PHOENIX — Police plan to begin searching a landfill outside of Phoenix in the next few weeks in hopes of finding the body of a 5-year-old Arizona girl who has been missing for months and is now believed dead, they announced Tuesday.

Investigators in the Phoenix suburb of Glendale have been working with experts for weeks to determine the likelihood of finding the body of Jhessye Shockley at the landfill in Mobile, south of the Phoenix metro area.

Sgt. Brent Coombs said Tuesday that investigators determined that a search operation is viable, although they have not set a date to begin the labor-intensive work that could take weeks.

He said investigators will provide the public with daily updates once the search begins.

When Jhessye's mother, Jerice Hunter, reported the little girl missing on Oct. 11, an intensive search began as police and volunteers combed her neighborhood and found no sign of her or any evidence indicating what might have happened to her.
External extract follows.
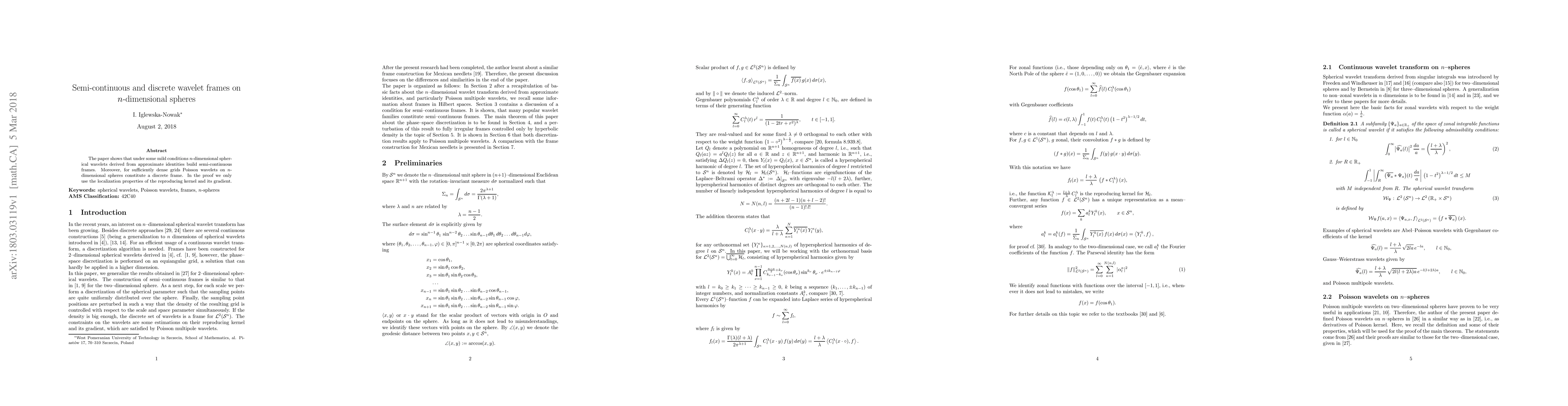 This paper shows that certain types of wavelets on n-dimensional spheres can form semi-continuous frames under mild conditions, while others form discrete frames with dense grids.

In the weeks that followed, information about Hunter's past abuse of her children came to light and the investigation turned to her, with police saying she was the "No. 1 focus."

A phone call to Hunter's home Tuesday rang unanswered.

Hunter's 13-year-old daughter, who had been removed from Hunter's home with her other siblings Oct. 12, told police in November that she hadn't seen Jhessye since September. She told them that a few days before Hunter reported the girl missing, she saw Hunter cleaning her shoes and a closet where she kept Jhessye.

Police said they found a receipt that showed Hunter bought food and a bottle of bleach Oct. 9.

The teen also told police that Hunter deprived Jhessye of food and water while keeping her in the closet, and that she saw the girl with black eyes, bruises and cuts to her face and body. When she last saw Jhessye, the teen said that the girl's hair had been pulled out, that she didn't look alive, and that the closet where she was kept "looked like a grave and smelled like dead people."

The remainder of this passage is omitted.